"Mimi," Victor said a bit pompously, standing up and leaning over her, "I hope you are not flirting with me. You are, remember, a married woman and are, in fact, married to a patient of mine."

"First of all," she said, "you're being pompous. Second of all, he's not your patient, he says I'm your patient. Third of all, I'm not married to him. And fourth, of all ... is it fourth or fifth ... well anyway, fourth or fifth of all, let's try the limes. We've nothing to lose, it couldn't taste worse."


"First of all," he said, following her to the kitchen, "I am never pompous. Second of all, he is my patient because he came to my office obviously seeking psychiatric help but too sick to ask for it. I feel it only my duty to help him and besides, his case is fascinating."

"And his wife isn't, I suppose," she said over her shoulder.

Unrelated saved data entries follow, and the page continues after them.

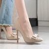 2025 Beautiful Bridal Wedding Shoes Comfortable Suede Single Shoes Women's Autumn and Winter Bow Thin Heel Pointed Side Empty High Heels
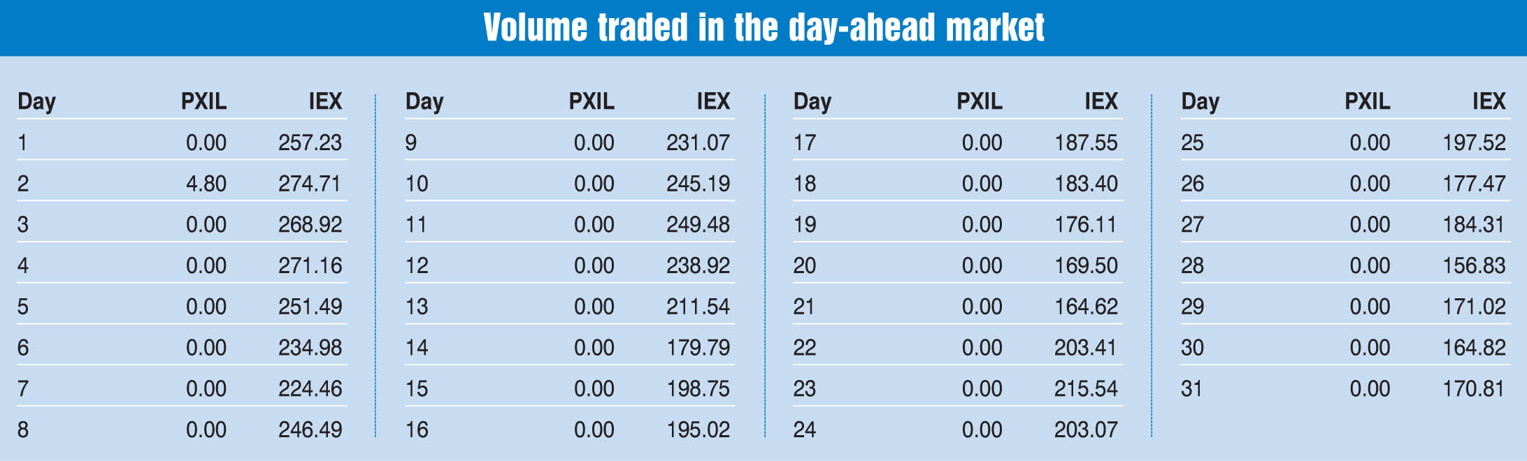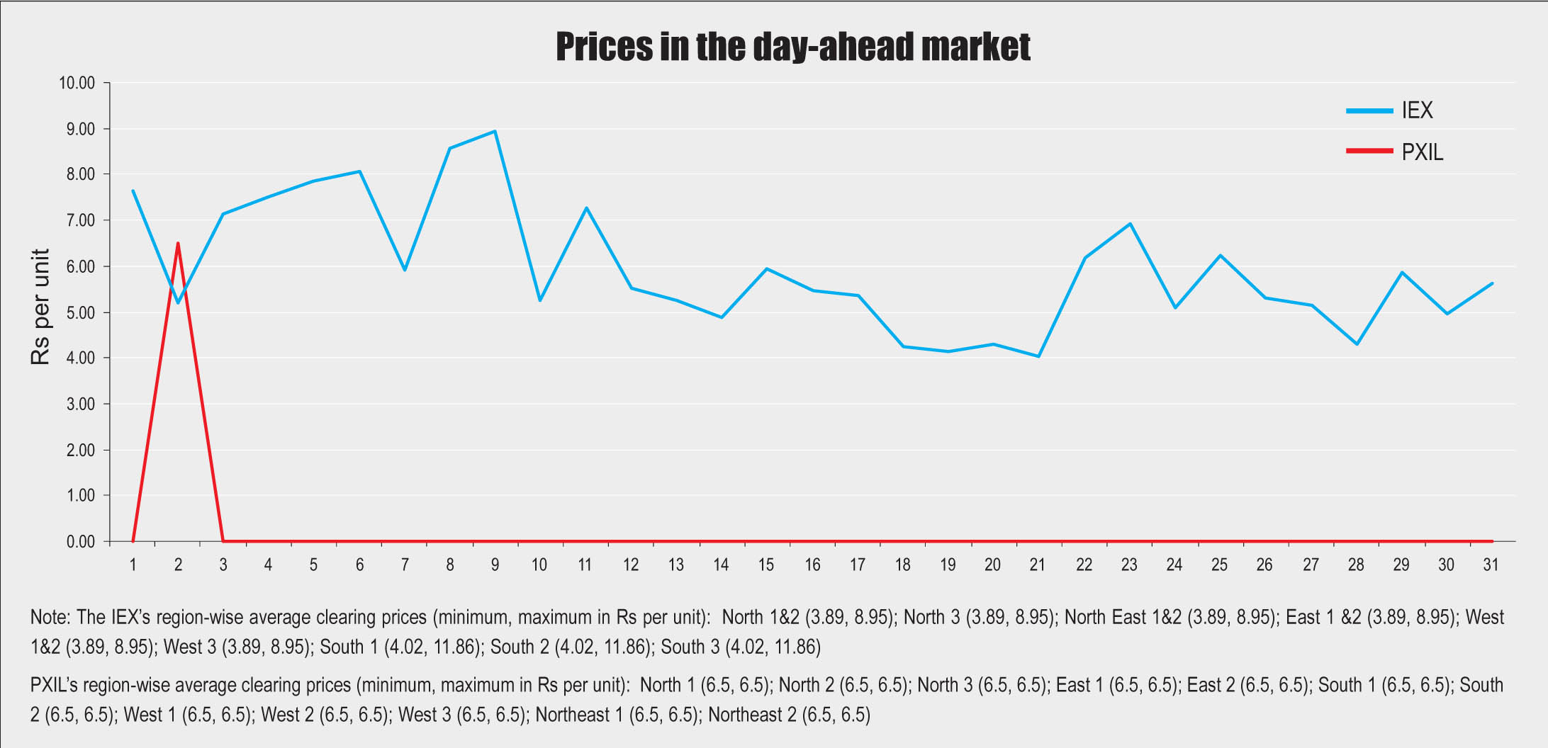 The electricity traded in the day-ahead market at the IEX and PXIL in October 2018 was 6,505 MUs and 4.8 MUs respectively. The average market clearing price at the IEX ranged from Rs 4.04 per unit to Rs 8.95 per unit, and at PXIL it was Rs 6.50 per unit.
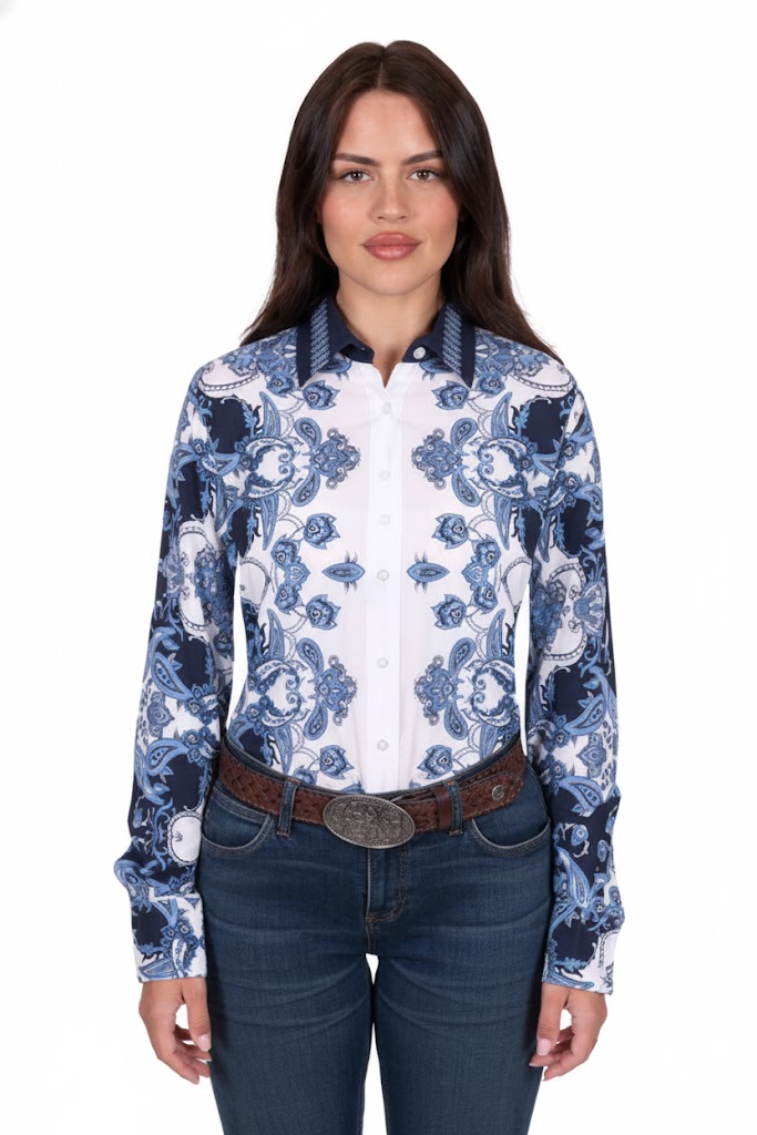 Classic button-down long-sleeve shirt, button closure, Wrangler® logo pip on side seam, soft hand feel and drape.
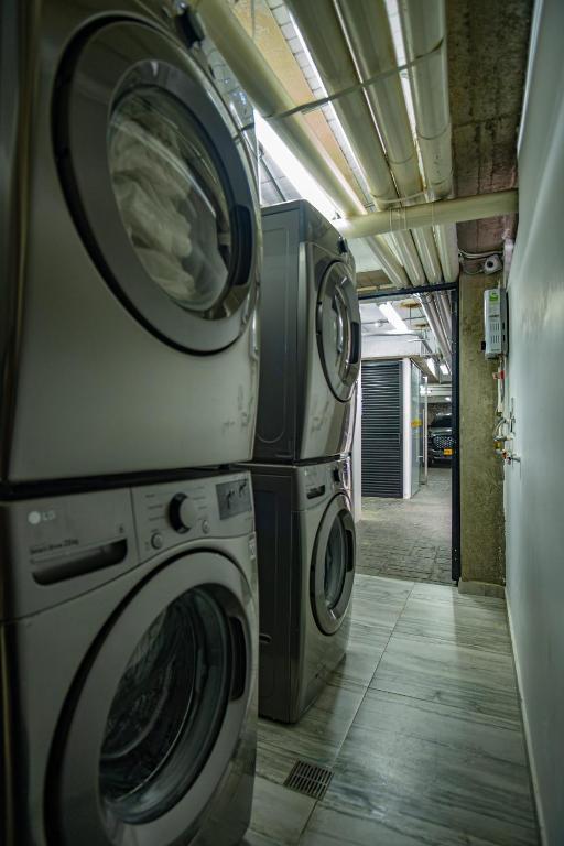 The apartment's kitchen, which features a refrigerator and kitchenware, is available for cooking and storing food. This apartment is air-conditioned and has a seating area with a TV, a washing machine, a coffee machine and tumble dryer. The unit has 1 bed.
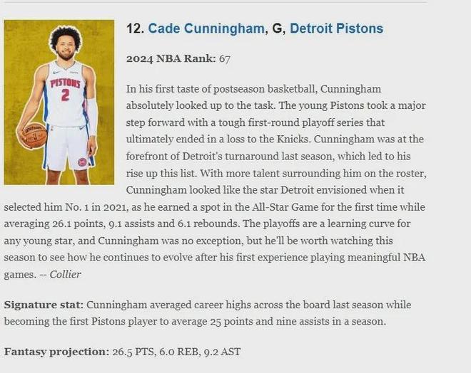 在赛季开赛前美国ESPN评选的NBA百大球星中,坎宁安位列第12位,而在2024-25赛季开赛时他的排位是67位,经过一个赛季打拼,他取得飞速进步,网站评语如下:坎宁安首次体验季后赛,就展现出了不俗实力,年轻的活塞队在季后赛首轮与尼克斯队展开了激烈较量,最终惜败,但他们仍然取得了长足进步.坎宁安是底特律复兴的关键人物,这也让他在这份榜单上名列前茅。随着球队阵容中更多优秀球员加入,坎宁安展现出了底特律在2021年选秀大会上用状元签选中他时所期待的明星风采.他首次入选全明星赛,场均贡献26.1分、9.1次助攻、6.1个篮板。季后赛对于任何一位年轻球星来说都是一次宝贵的学习机会,坎宁安也不例外.本赛季,他的表现值得关注,我们将拭目以待,看看他在首次征战NBA季后赛后将如何成长.
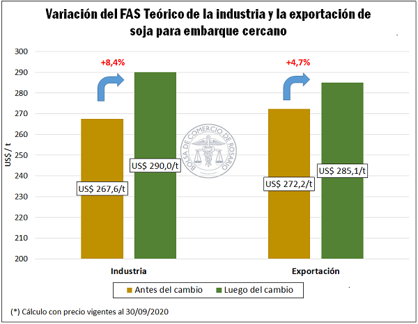 Finalmente, el día jueves 1° de octubre el Ministro de Economía Martín Guzmán anunció, entre otras medidas económicas, una modificación en el esquema de derechos de exportación sobre el complejo sojero. Se reducirán las alícuotas de granos de soja del 33 al 30% en octubre, 31,5% en noviembre y 32% en diciembre, volviendo al 33% para el mes de enero en adelante; mientras que los subproductos tendrán una alícuota del 28% en octubre, subiendo al 29,5% en noviembre, 30% en diciembre y 31% de enero en adelante. Para el aceite de soja fraccionado, la alícuota queda un punto porcentual por debajo del aceite en bruto en tanto que al biodiesel, en principio, le corresponde una alícuota del 26% en octubre, que convergirá al 29% en el 2021. Estas medidas no han sido oficializadas al momento en el Boletín Oficial por lo que las especificaciones surgen de la información puesta a disposición en la conferencia de prensa del mismo jueves.

"Third of all," he said, "and I ignore the interruption, what the hell do you mean you're not married to him? And fourth of all, it is fourth, not fifth, I think the limes will help immeasurably."

"Well, I think it all comes back to your original question. You know, about telling you all about him, and how it started, and all that. You see, I can't, because I don't remember. Here, you cut the limes while I look for the squeezer."


While Dr. Quink was cutting the limes he didn't exactly talk to himself, but thoughts did present themselves to his mind with very nearly verbal exactitude. The immediate progression towards a solution of this case did not seem to be so clearly cut out as he had assumed it would be. There were, it now became more and more obvious, complications he had not foreseen. Mrs. Fairfield was not exactly acting toward him as a psychiatrist normally expects the wife of a patient to, so that, although he found her pleasant and indeed invigorating, if that is the word and he was not sure that it was but the only alternative that came to his mind, stimulating, had connotations that he was not yet ready to accept, although he did find her pleasant and et cetera yet he found her behavior also disturbing, in the clinical sense this time, and the revelation as to her distinctly limited memory should be described not as a disturbance but as a downright earthquake, to ring in a seismological metaphor that occurred to him as he nicked his finger during the slicing of the fourth lime.